A toy gun launches a small plastic sphere using a spring. The spring has a spring constanct of 20 J/M^2 and the plastic sphere has a mass of 25 grams.
Before launch
x initial is -10cm
velocity initial is 0 m/s
After launch
x final is o cm
Apply the law of conservation of energy to find the speed of the sphere just as it leaves the gun.
1/2 k x^2=1/2 m v^2
x=.1meter solve for v.
To find the speed of the sphere just as it leaves the gun, we can apply the law of conservation of energy, which states that energy cannot be created or destroyed, only transferred or transformed from one form to another.
In this case, the initial energy of the system is stored in the spring potential energy before launch. The final energy of the system will be entirely kinetic energy of the sphere just as it leaves the gun, assuming there is no other energy loss (such as due to air resistance).
The equation for spring potential energy is given by:
PE = (1/2)kx^2
Where PE is the potential energy, k is the spring constant, and x is the displacement from the equilibrium position (in this case, the compressed position of the spring).

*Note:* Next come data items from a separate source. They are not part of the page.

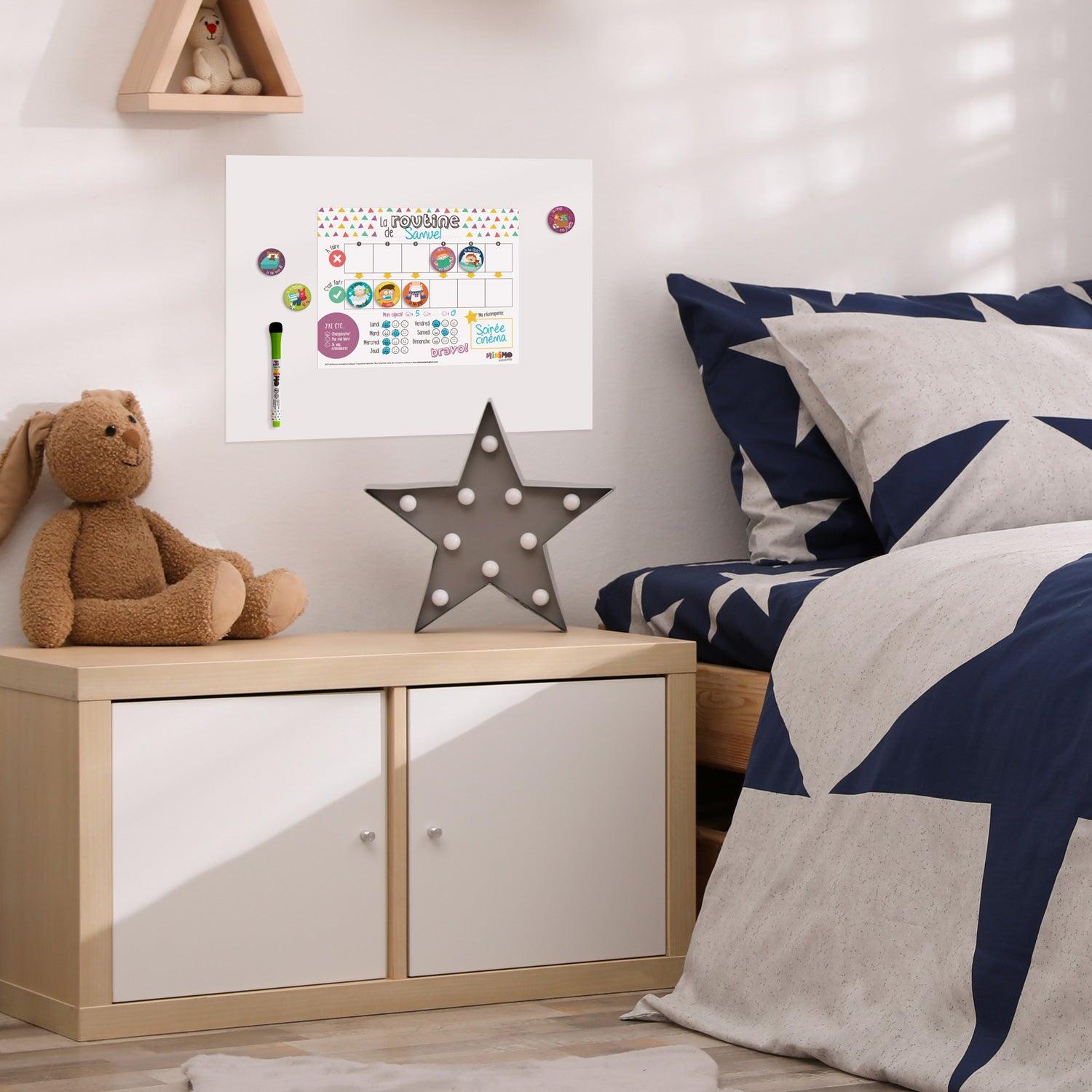 - Dans la salle de bain avec Mon tableau de propreté ou pour un petit rappel des tâches à ne pas oublier avant le dodo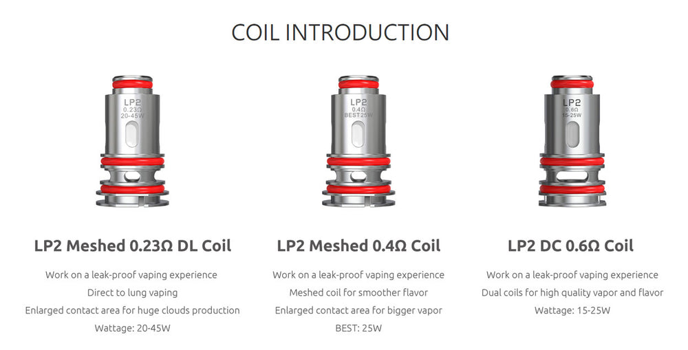 SMOK LP2 Replacement Coils is specially design for SMOK RPM 4 Kit. It is an upgraded version of LP1 series coils, retaining the leak-proof structure and optimizing the internal heating elements. The SMOK LP2 coils have been designed for flavor, vapor, and an all-around fantastic vaping experience.5pcs per pack.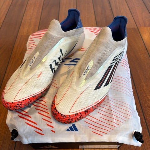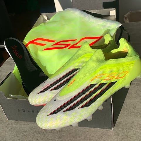 Selger ett par fine Adidas F50 Laceless. (Ag knotter) Disse skoene er kjøpt med knotter tilpasset kunstgress Skoene er i str 41,5. Skoene er godt brukt, men de har fortsatt mye liv igjen i seg. Skoene har fått noe lunde slitasje innsiden av hælen, men dette merkes ikke ved bruk av skoen.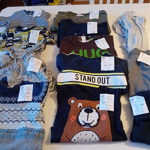 2 kauluspaita, autopaita + paita, 2 neuletakki, haistoi paita, fleece paita, 3 housut
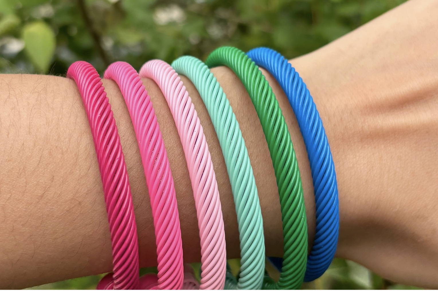 Bracelet jonc coloré. Résiste à l'eau et ne noircit pas.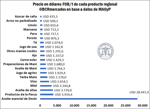 Finalmente, se exponen los valores de exportación de los distintos productos regionales, observando que los productos de la pesca, el aceite esencial de limón y el aceite de oliva resultan los más altos en términos de dólares por tonelada.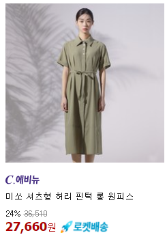 <미쏘> 원피스 셔츠형 허리 핀턱 롱 원피스 24% 할인
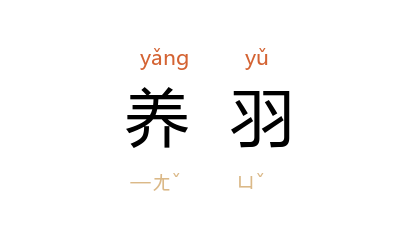 ⒈ 生长羽毛。传说 东汉 杨宝 九岁时,至 华阴 山北,见一黄雀为鸱枭所搏,坠于树下, 宝 取雀以归,置巾箱中,食以黄花,百馀日毛羽成,乃飞去。是夜有黄衣童子以白环四枚赠 宝。事见 南朝 梁 吴均 《续齐谐记》。后遂以“养羽”作为咏黄雀的典故。参见“衔环”。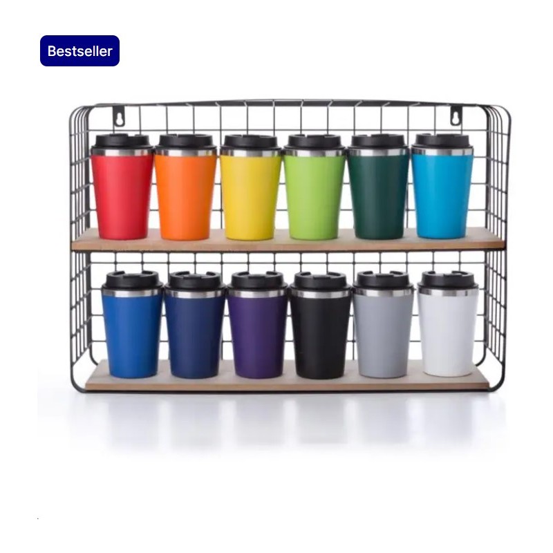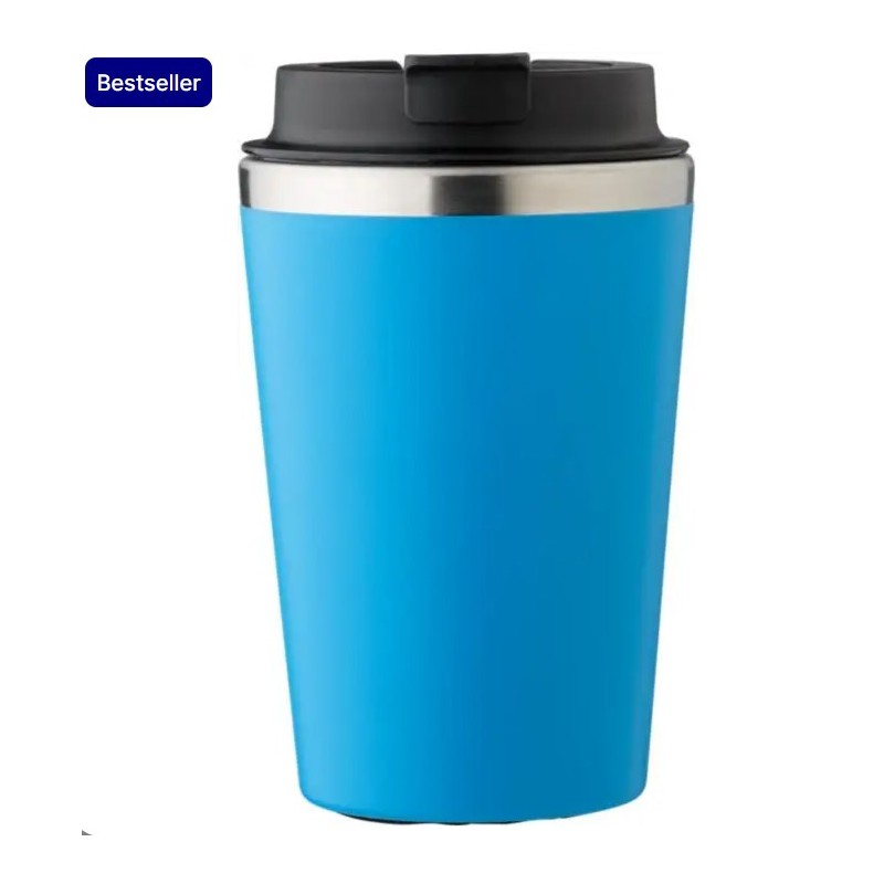 Stainless steel and PP travel mug (350 ml). The PP lid has a silicone closing ring with a foldable closure on top. Individually packaged in a brown cardboard box.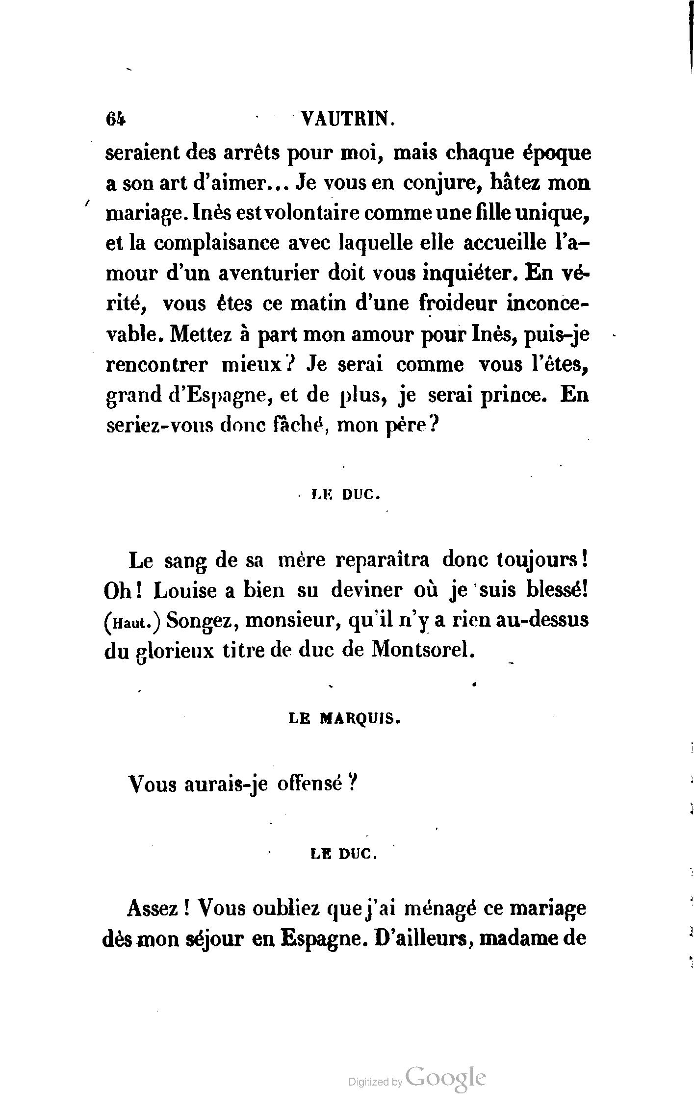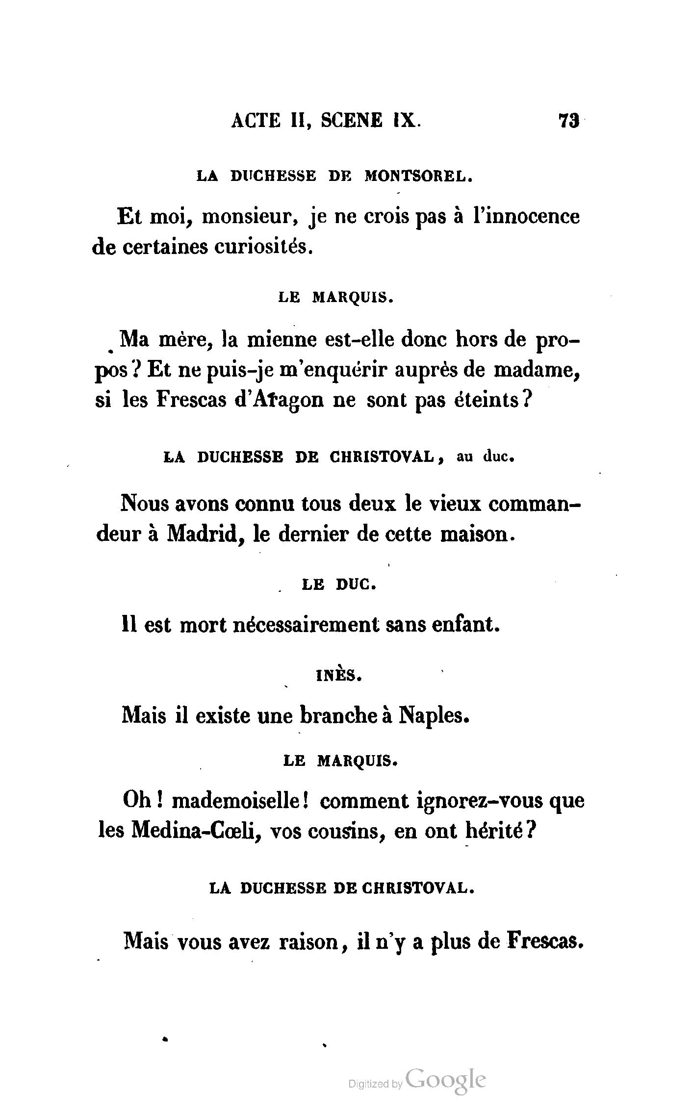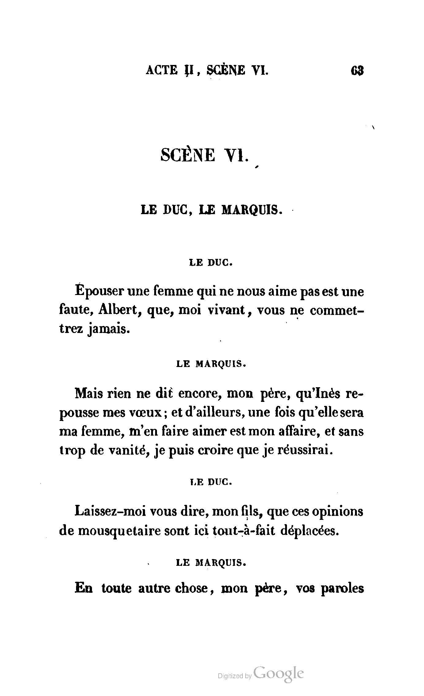 Inès, la prétendue de votre fils le marquis ? Et pensez-vous que le duc n’ait pas été frappé de cet accueil fait à un rival de son fils ?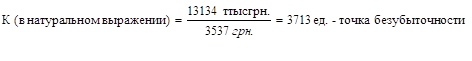 Таблица 4 - Расчет точки безубыточности в натуральном и стоимостном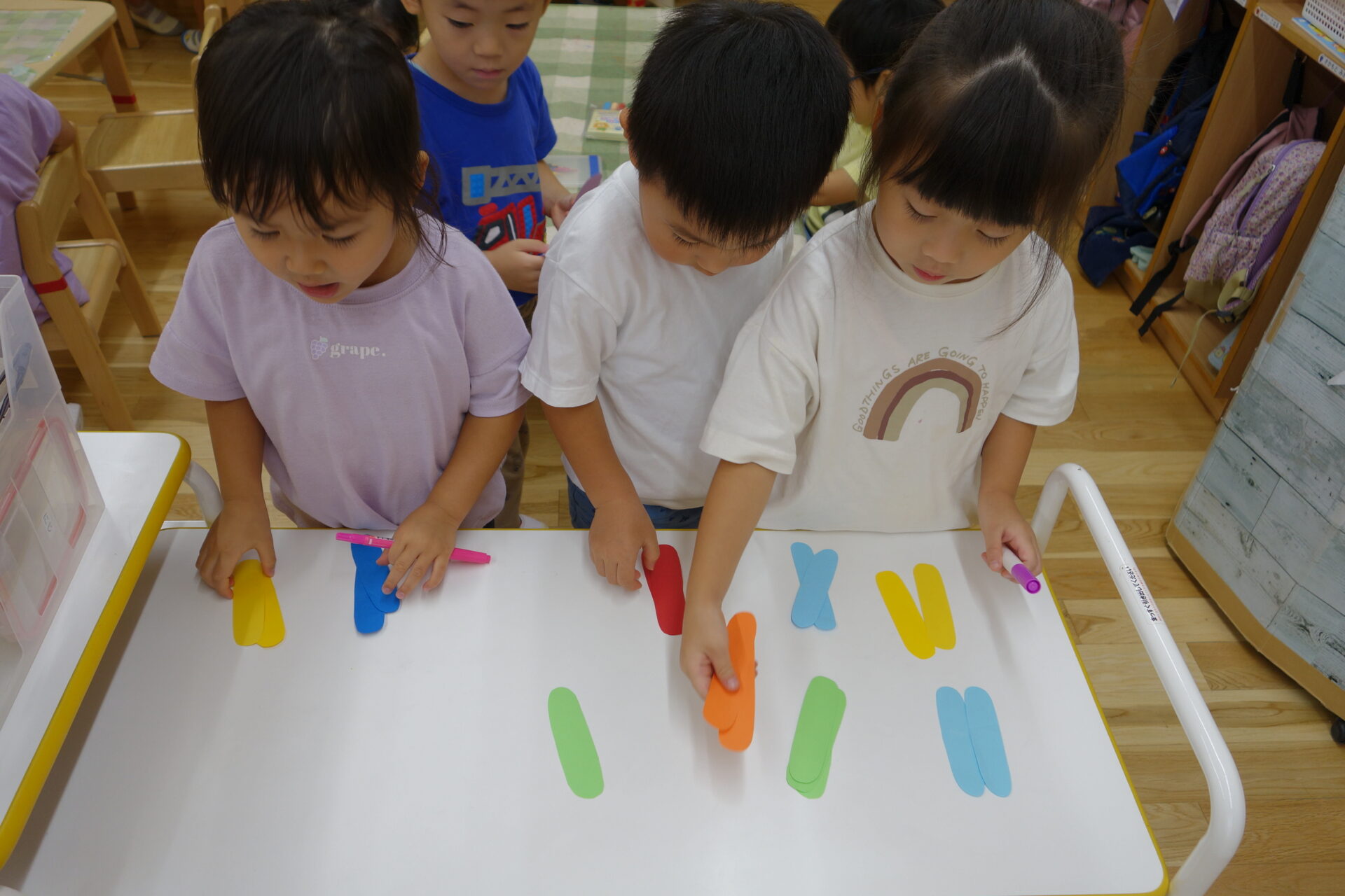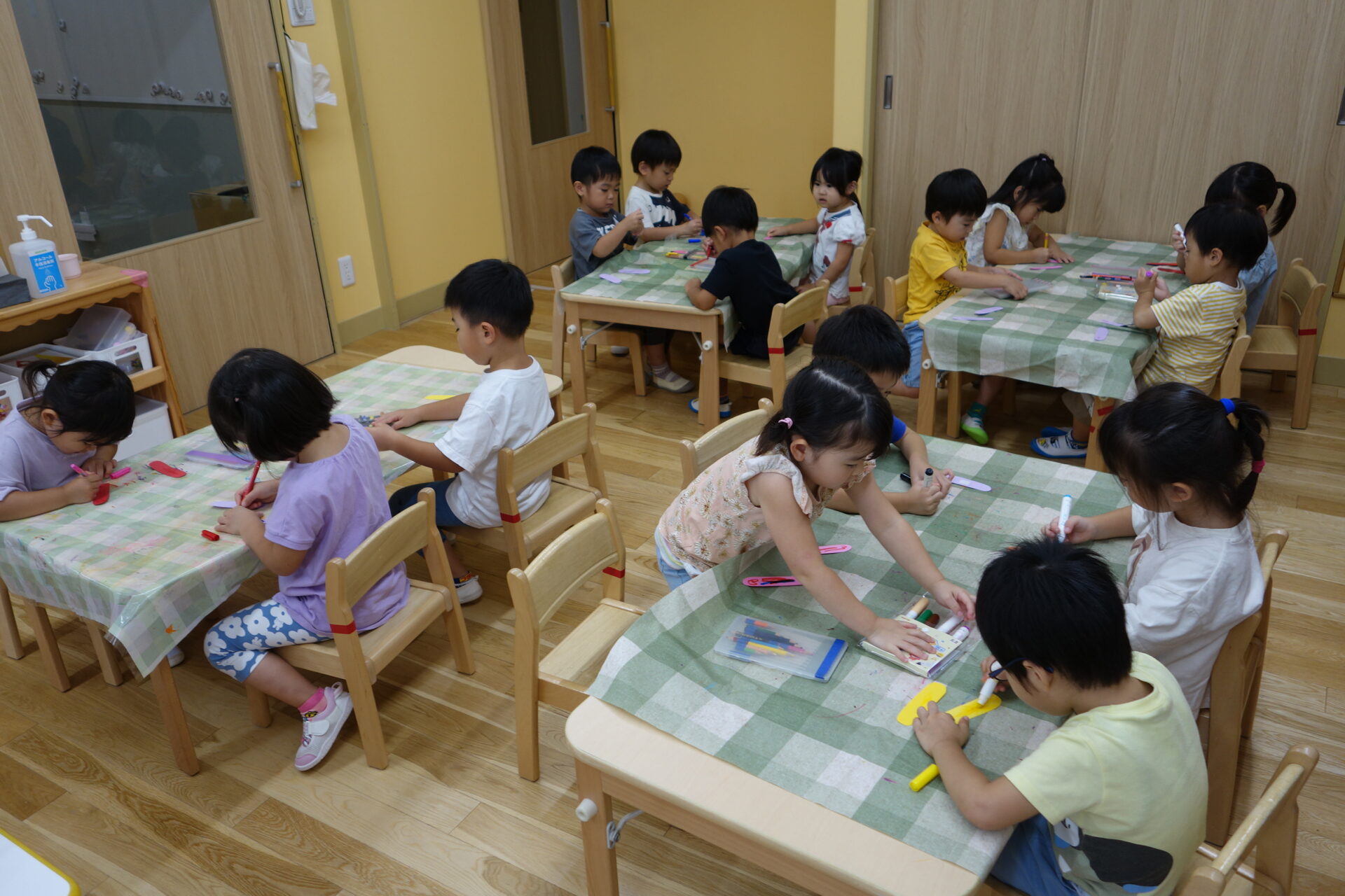 マーカーと色鉛筆は机ごとに1~2個用意しました。

Given that the spring constant is 20 J/m^2 and the initial displacement is -10 cm (-0.1 m), we can substitute these values into the equation:
PE = (1/2)(20 J/m^2)(-0.1 m)^2
PE = (1/2)(20 J/m^2)(0.01 m^2)
PE = 0.1 J
This is the initial potential energy stored in the spring.
Now, since energy is conserved, the initial potential energy must be equal to the final kinetic energy of the sphere just as it leaves the gun. The equation for kinetic energy is:
KE = (1/2)mv^2
Where KE is the kinetic energy, m is the mass of the sphere, and v is the velocity.
Given that the mass of the sphere is 25 grams (0.025 kg) and the final displacement is 0 cm (0 m), we can substitute these values into the equation:
KE = (1/2)(0.025 kg)v^2
Since the final displacement is 0 cm, the velocity will be the only unknown, denoted as v.
So, we have the equation:
0.1 J = (1/2)(0.025 kg)v^2
To solve for v, divide both sides of the equation by (1/2)(0.025 kg):
0.1 J / [(1/2)(0.025 kg)] = v^2
Simplifying:
4 J/kg = v^2
Taking the square root of both sides:
√(4 J/kg) = √(v^2)
2 (J/kg)^(1/2) = v
Therefore, the speed of the sphere just as it leaves the gun is 2 (J/kg)^(1/2).